- _Action item_
Would you retype exactly the lines below, starting with the one that has "Die Autos wurden" and going on through the one that has "Tulipani artificiali Real-Touch", with no pictures and nothing else?

§

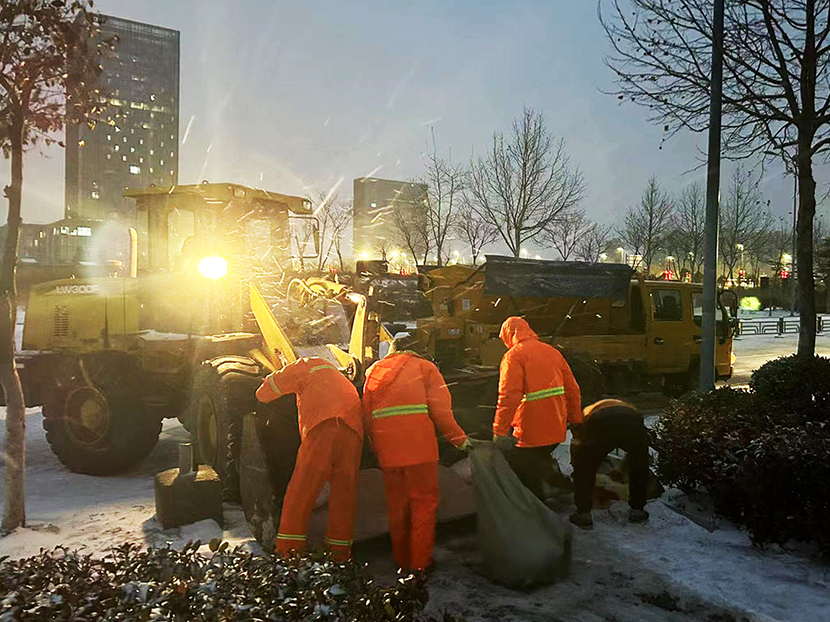 ? ? 受冷空氣影響,1月31日晚,港城突降瑞雪。公司第一時間啟動掃雪除冰應(yīng)急預(yù)案,上下聯(lián)動,道路保潔、市政養(yǎng)護(hù)、后勤保障等戰(zhàn)線的干部職工全員出動,奮戰(zhàn)在掃雪除冰第一線,突出重點區(qū)域、重點路段、橋梁涵洞清掃積雪,保證人們出行方便安全,保障園區(qū)交通順暢。
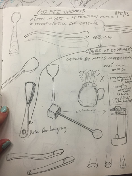 I designed and casted a set of coffee spoons for my investment casting studio at RISD. The final assignment was to design and create a product using a production mold so I chose coffee spoons to take advantage of the repeatability.
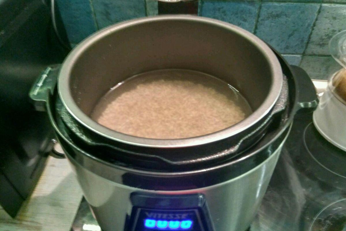 4. Réglez le multicuiseur sur le mode «Sarrasin», fermez le couvercle et faites cuire de 50 minutes à 1 heure 10 minutes, selon le type d'orge perlé; il est recommandé après 50 minutes de cuisson de goûter l'orge pour la préparer.
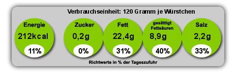Täglich frisch, mit Naturgewürzen geschmackvoll abgeschmeckt. Magere Fleischauswahl garantiert vollen Genuss und beste Qualität. Der Versand erfolgt vorgebrüht. Heimisches Fleisch aus frischer Schlachtung und die handwerkliche Herstellung sind die Grundlage für außergewöhnliche Qualität. Die Herstellung erfolgt nach guter Metzgertradition nur mit Naturgewürzen. Hilfs- und Zusatzstoffe werden nur aufgrund von technologischer Notwendigkeit in geringster Menge verwendet. Auf Geschmacksverstärker und industrielle Haltbarkeitsverlängerer verzichten wir bewusst und glauben so dem Verbraucherwunsch zu entsprechen.
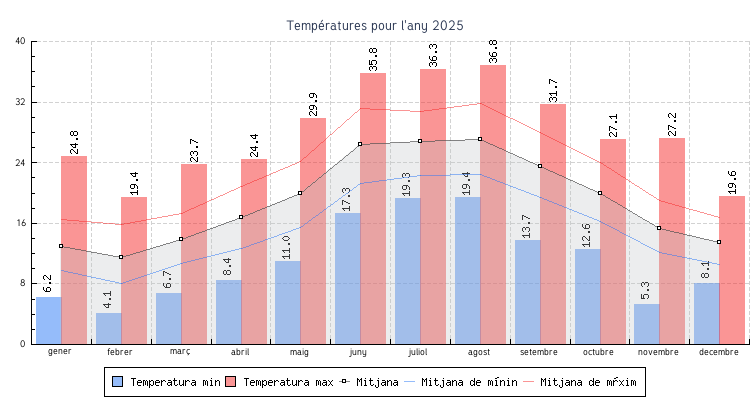 | Mes | Temperatures min | Temperatures max | Mitjana mensual |
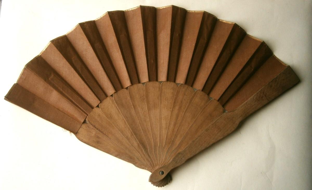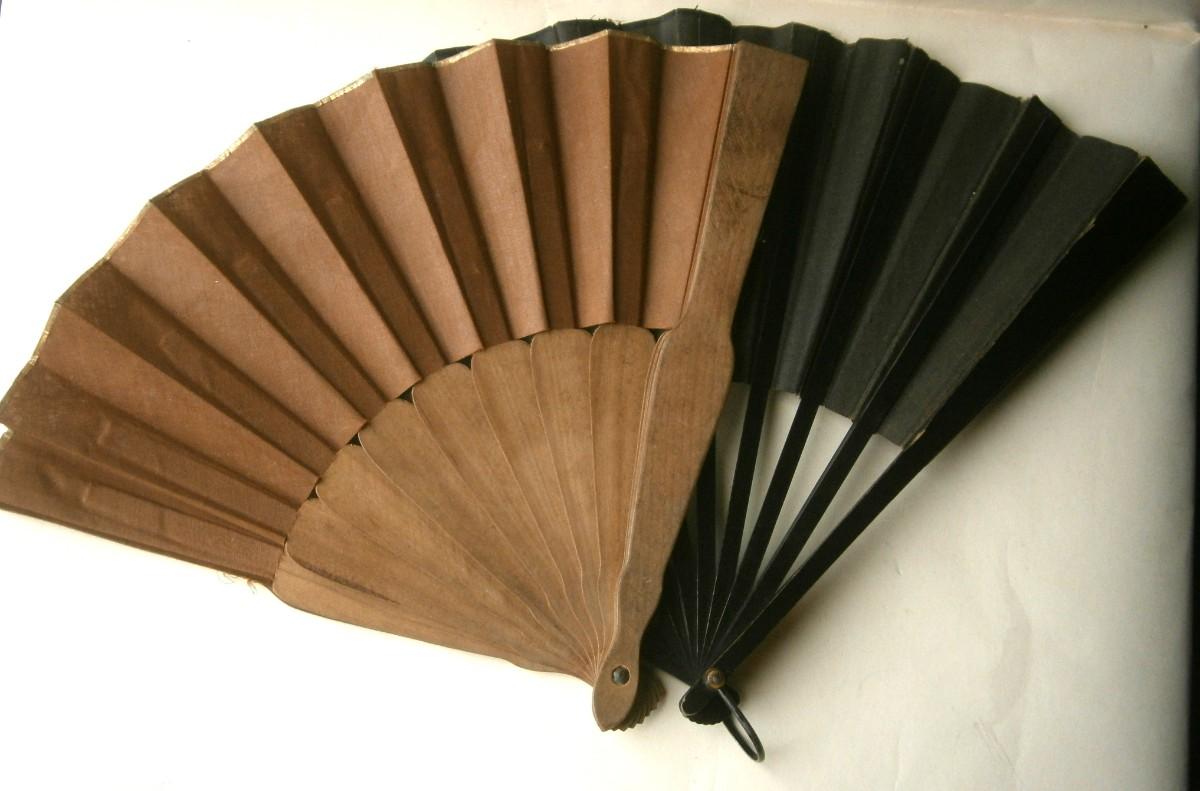 (2) Antique Fans from the Early 1900's or Earlier, 8 1/2 & 8 3/4 in. tall, cloth on wood slats.
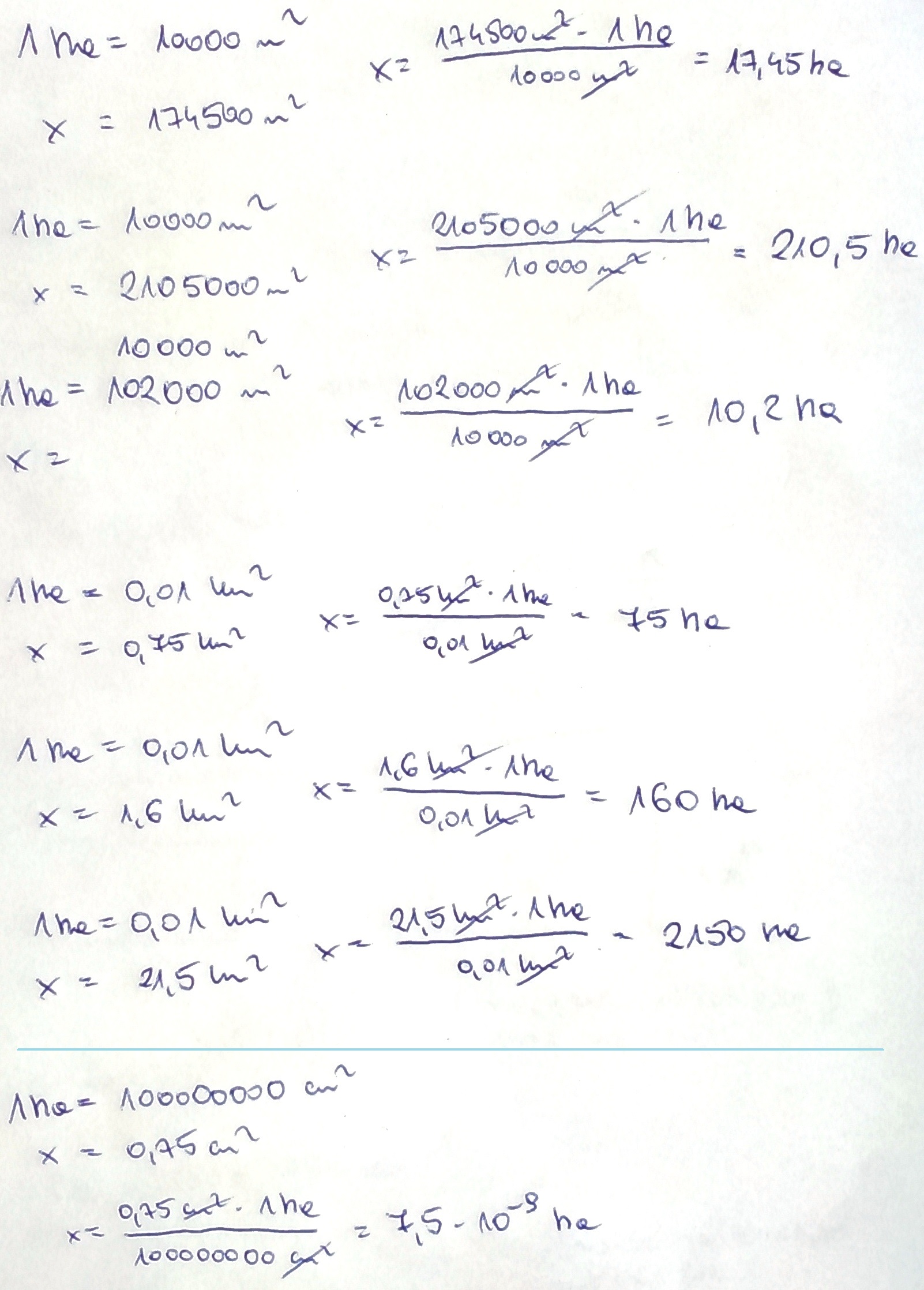 zamien na hektary 174500m2,2105000m2,30a,102000m2,0,75cm2,1,6km2,21,5km2
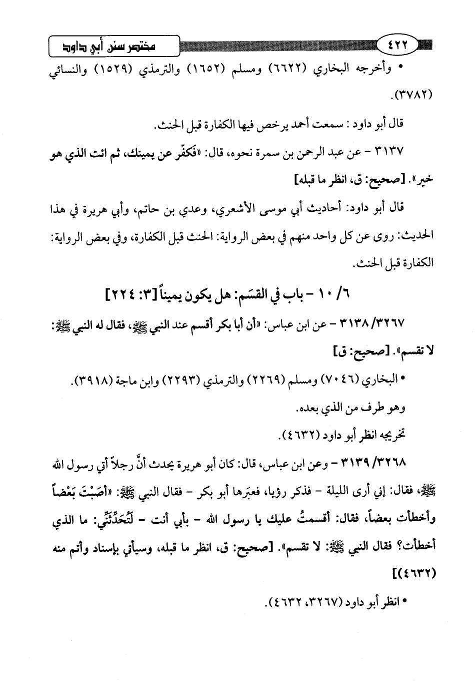 3267/ 3138 - عن ابن عباس: "أن أبا بكر أقسم عند النبي -صلى اللَّه عليه وسلم-، فقال له النبي -صلى اللَّه عليه وسلم-: لا تقسم".hصحيح: ق]
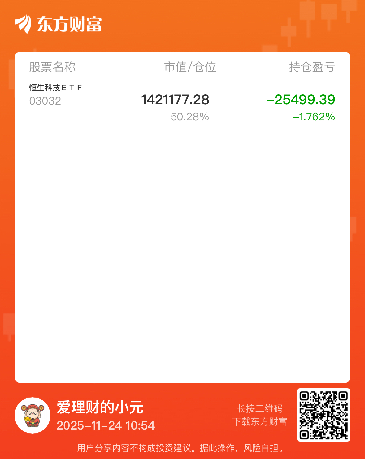 $恒生科技指数(HS|HSTECH)$ $恒生科技ETF(HK|03032)$ 150仓位,亏损1.8个点。跌继续加,涨就拿住
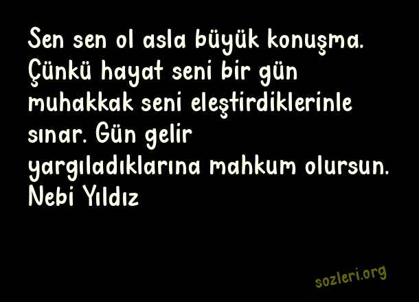 Sen sen ol asla büyük konuşma. Çünkü hayat seni bir gün muhakkak seni eleştirdiklerinle sınar. Gün gelir yargıladıklarına mahkum olursun. Nebi Yıldız ( Büyük Konuşmak )
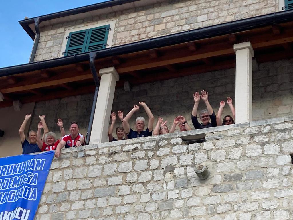 Die Autos wurden schon direkt an der Bemax Arena geparkt und von dort ging es zu Fuß in Richtung „Tavern Lanterna“, um sich vor dem Spiel zu stärken. Der Weg dorthin führte durch Nebenstraßen, die nicht den Eindruck vermittelten, dass man sich an einem wirklich schönen Ort befand. Aber dann am Ziel angekommen, fand man eine kleine Oase. Im idyllischen Innenhof der Tavern Lanterna wurden die Wikinger freundlich begrüßt und mit leckerem Essen verwöhnt. Für einen kurzen Besuch stieß auch Ingrid, die als Fotografin mit der SG unterwegs war, zur Reisegruppe. Dann ging es gut gestärkt zur Bemax Arena. Jens hatte mit seinen Mitfahrern auf dem Hinweg schon einen anderen Weg genommen, auf dem es dann einen kurzen schönen Eindruck von Podgorica gab. Zurück an der Halle gab es viele freundliche Begrüßungen für die Wikinger. Auch Ljubomir Vranjes kam zur Begrüßung – eigentlich hatte er die Wikinger beim Essen besuchen wollen, aber den richtigen Weg nicht gefunden. Dafür gab es an der Halle von ihm eine Runde Getränke für die Wikinger. Als die Mannschaft der SG Flensburg-Handewitt an der Halle eintraf, wurde sie mit einer kleinen Einlauf-Zeremonie begrüßt.
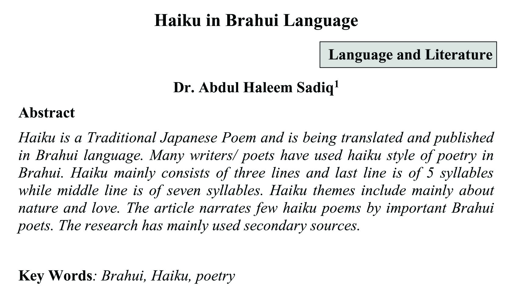 Haiku in Brahui Language (abstract)
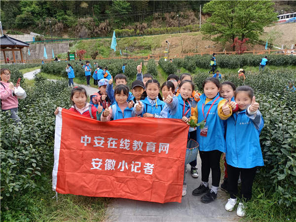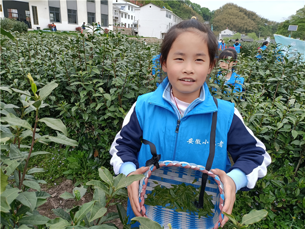 4月18日,安徽全媒体小记者走进霍山宋家河,用自己的双手亲自采摘鲜叶,交给师傅,炒烘出新的“六安瓜片”茶。
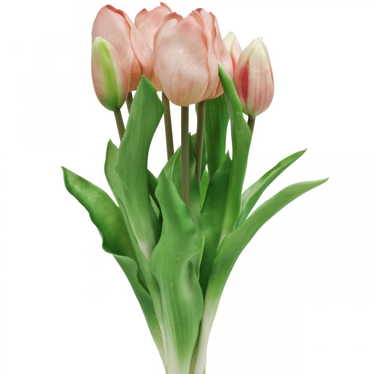 Tulipani artificiali Real-Touch rosa pesca 38 cm mazzo da 7 pz
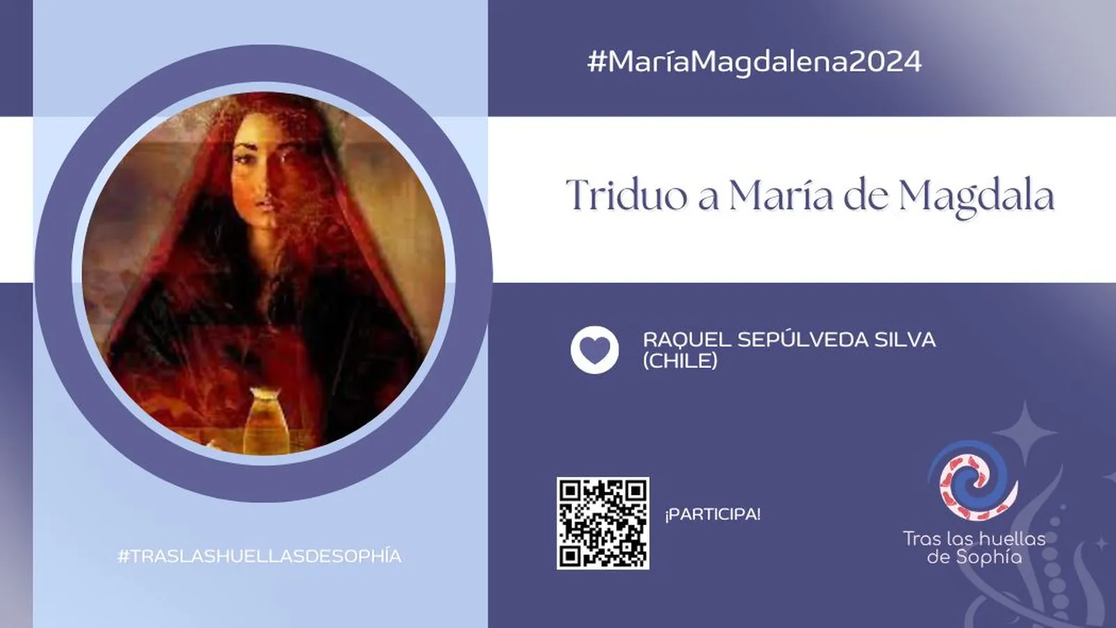 Agradecida de tu presencia en nuestros días, damos gracias a la luz por traerte al mundo y ser ejemplo femenino de cuanto podemos realizar en bien de aquellos a quienes anunciamos la vida en plenitud. Otórganos, Jesús resucitado la fuerza de la vida y el don del amor, para que cada día sea siembra de una buena y nueva cosecha en medio de María de Magdala, su valentía y consecuencia. Contigo vamos caminando en la evangelización. Amén
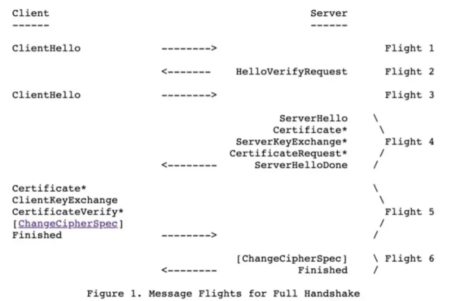 DTLS 握手协议流程如下,(参考 RFC6347)。
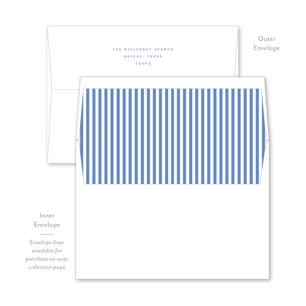 Each invitation comes with an inner and outer envelope and return address printing on the outer envelope flap. Envelope liner may be purchased for an additional cost on the main collection page.

§

- _Task result_
 Die Autos wurden schon direkt an der Bemax Arena geparkt und von dort ging es zu Fuß in Richtung „Tavern Lanterna“, um sich vor dem Spiel zu stärken. Der Weg dorthin führte durch Nebenstraßen, die nicht den Eindruck vermittelten, dass man sich an einem wirklich schönen Ort befand. Aber dann am Ziel angekommen, fand man eine kleine Oase. Im idyllischen Innenhof der Tavern Lanterna wurden die Wikinger freundlich begrüßt und mit leckerem Essen verwöhnt. Für einen kurzen Besuch stieß auch Ingrid, die als Fotografin mit der SG unterwegs war, zur Reisegruppe. Dann ging es gut gestärkt zur Bemax Arena. Jens hatte mit seinen Mitfahrern auf dem Hinweg schon einen anderen Weg genommen, auf dem es dann einen kurzen schönen Eindruck von Podgorica gab. Zurück an der Halle gab es viele freundliche Begrüßungen für die Wikinger. Auch Ljubomir Vranjes kam zur Begrüßung – eigentlich hatte er die Wikinger beim Essen besuchen wollen, aber den richtigen Weg nicht gefunden. Dafür gab es an der Halle von ihm eine Runde Getränke für die Wikinger. Als die Mannschaft der SG Flensburg-Handewitt an der Halle eintraf, wurde sie mit einer kleinen Einlauf-Zeremonie begrüßt.
 Haiku in Brahui Language (abstract)
 4月18日,安徽全媒体小记者走进霍山宋家河,用自己的双手亲自采摘鲜叶,交给师傅,炒烘出新的“六安瓜片”茶。
 Tulipani artificiali Real-Touch rosa pesca 38 cm mazzo da 7 pz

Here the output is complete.